Average Clustering and Transitivity Coefficient

image

If we want to quantify the degree of clustering in the entire network with a single number, we have two options. The first is to simply calculate the Average Clustering Coefficient for all nodes with degree larger than one.

A better metric, however, is to calculate the Transitivity (or global clustering coefficient), which is defined as the fraction of the connected triplets of nodes that form triangles.

Mathematically, the transitivity is defined as:

\[T = \frac{\mbox{3} \times\mbox{Number of triangles}} {\mbox{Number of connected triplets}}\]
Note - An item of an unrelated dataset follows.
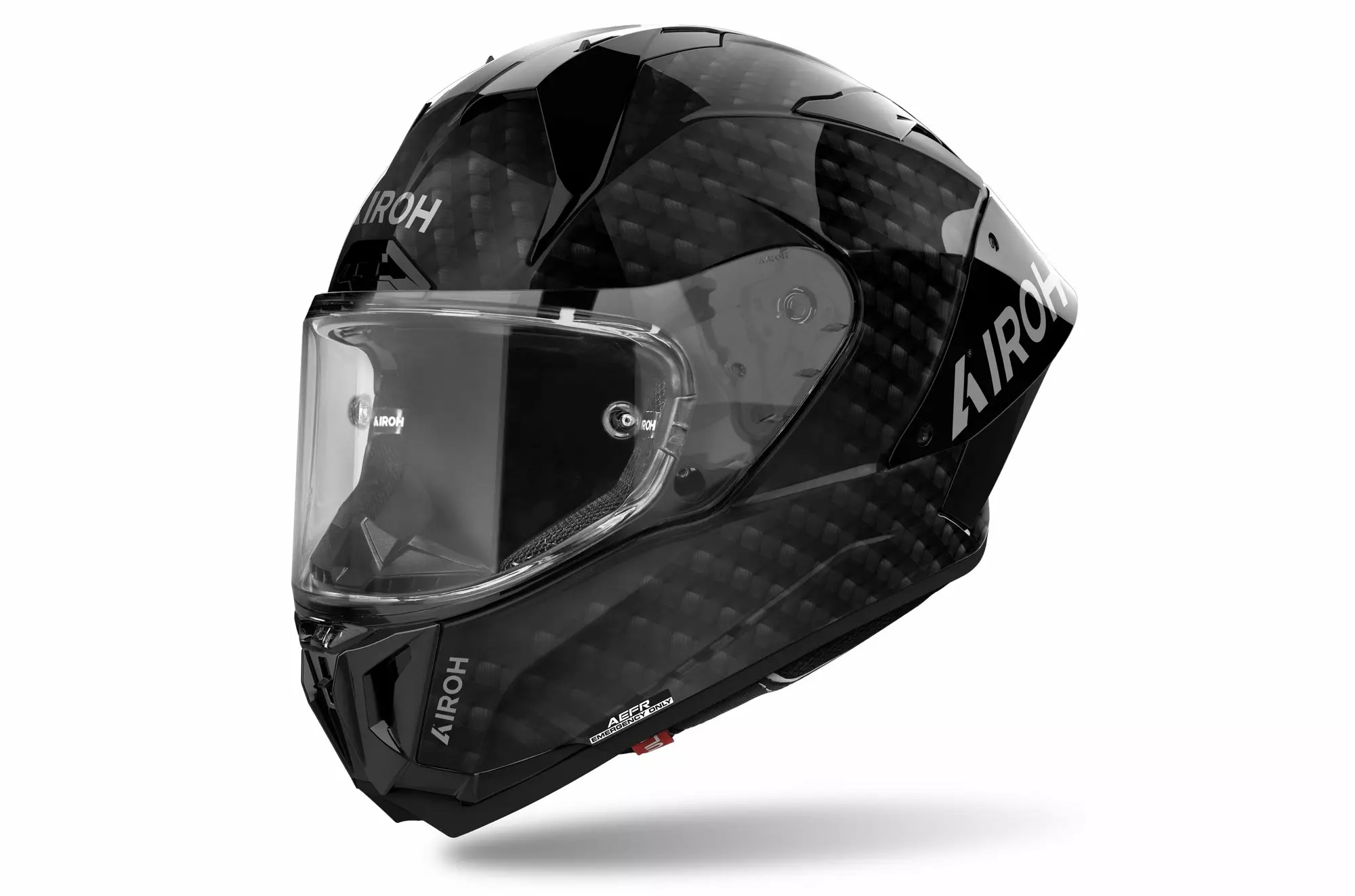 Visir: 2d racingvisir, ATVR (Airoh Tool-less Visor Removal), låsningssystem racing, rep- och UV-beständigt, A3S (Airoh Automatic Antifog System), tear off redo, extra bred synfält

A connected triplet is an ordered set of three nodes ABC such that A connects to B and B connects to C. For example, an A, B, C triangle corresponds to three triplets, ABC, BCA, and CAB. In contrast, a chain of connected nodes A, B, C, in which B connects to A and C, but A does not link to C, forms an open triplet ABC. The factor three in the previous equation is needed because each triangle is counted three times in the triplet count.

Food for Thought

Note that the Transitivity and the Average Clustering Coefficient are two different metrics. They may often be close but there are also some extreme cases in which the two metrics give very different answers. To see that consider a network in which two nodes A and B are connected to each other as well as to every other node. There are no other links. The total number of nodes is n. What would be the transitivity and average clustering coefficient in this case (you can simplify by assuming that n is quite large)?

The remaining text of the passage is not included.